The Asian Development Bank (ADB) validated Pakistan’s economic stability through the Asian Development Outlook (ADO) September 2024 as the International Monetary Fund (IMF) approved the $7 billion Extended Fund Facility (EFF) for the country.
The two developments came about hours apart. According to the ADB, Pakistan’s GDP growth rate will reach 2.4 percent during the ongoing financial year and will reach 2.8 percent in the next fiscal year. It noted that inflation had decreased in the country during FY2023-24, and would decline steadily in FY2024-25 as well.
It noted that increased domestic consumption and increased remittances helped the economy this year. The ADB stated that continued recovery of the growth rate, and macroeconomic stability depend on Pakistan’s implementation of reforms. Through these reforms, the country would not only be able to stabilize the economy further but also build fiscal buffers to safeguard it from external shocks.
It advised Pakistan to spend more on social initiatives while reducing fiscal losses from state entities. It urged the government to improve the business environment in Pakistan. It is worth noting here that average headline inflation declined to 23.4 percent in the ongoing fiscal year, as compared to 29.2 percent during the last year.
Shehbaz Sharif invites Dr Muhammad Yunus to undertake an official visit to Pakistan
According to the Asian Bank, the reduction in inflation stemmed from improved agricultural production and is expected to decline further to 15 percent in the next fiscal year. Separately, the international lender approved the $7 billion loan for Pakistan, the Prime Minister’s Office confirmed during the day.
Commenting on the development, Shehbaz Sharif not only expressed satisfaction on the matter but also highlighted the ongoing process of the economic reforms. He made it clear that once the country achieves economic stability, it will pursue growth and development. He highlighted how investment and business activities had surged recently, thus validating the government’s efforts.
He highlighted how remittances helped the economy gain stability. The premier said that if the government’s reforms continue, this could be the last IMF program. He thanked China, Saudi Arabia, and the United Arab Emirates for supporting Pakistan in getting the IMF deal. He thanked the economic team of the government and the chief ministers.
On the political front, Pakistan and Bangladesh engaged to discuss further collaboration for the mutual development of both the South Asian countries. A meeting was held between Prime Minister Shehbaz Sharif with Chief Advisor of Bangladesh’s Interim Government Dr Muhammad Yunus.

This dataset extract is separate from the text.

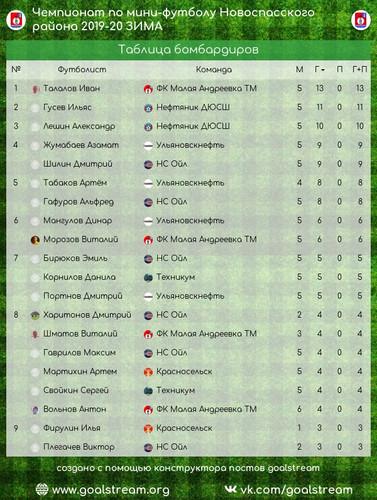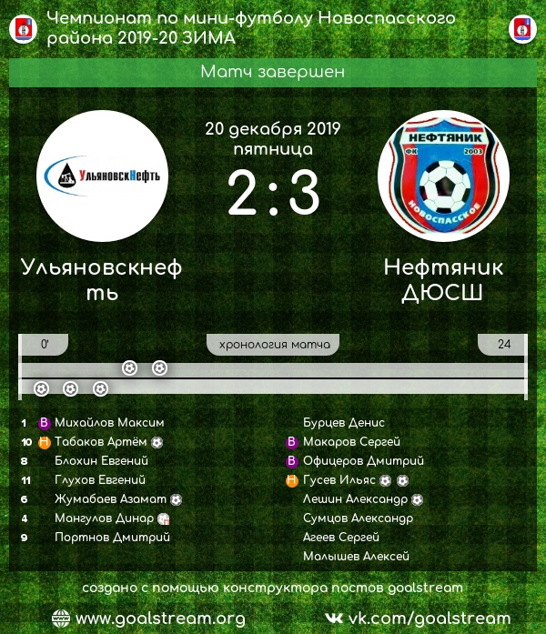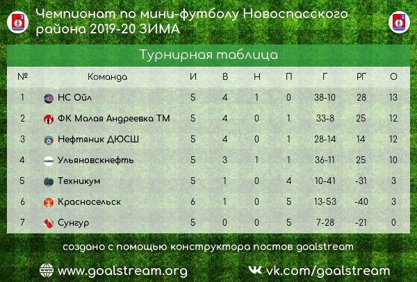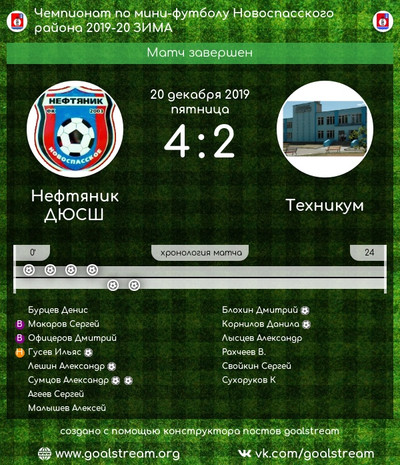17:15 Чемпионат Новоспасского района по мини-футболу |

The meeting came about on the sidelines of the 79th session of the UN General Assembly.
Prime Minister Shehbaz Sharif highlighted necessity of working together to strengthen relations. He suggested parliamentary exchanges, people-to-people contacts, besides other activities. He invited Dr Muhammad Yunus to undertake an official visit to Pakistan. Also, the prime minister held a meeting with Kuwait’s Crown Prince Sheikh Sabah Al-Khaled Al-Hamad Al-Mubarak Al-Sabah to discuss Pakistan’s economic ties with the country.
The meeting also came on the sidelines of the running UNGA session. During the meeting, political, economic, and defense matters came under discussion and both sides agreed to enhance collaboration on regional and global issues. State Minister for Finance Ali Pervaiz Malik also took to the state television and credited the leadership of the Pakistan Muslim League-N for making necessary decisions and skipping political interests.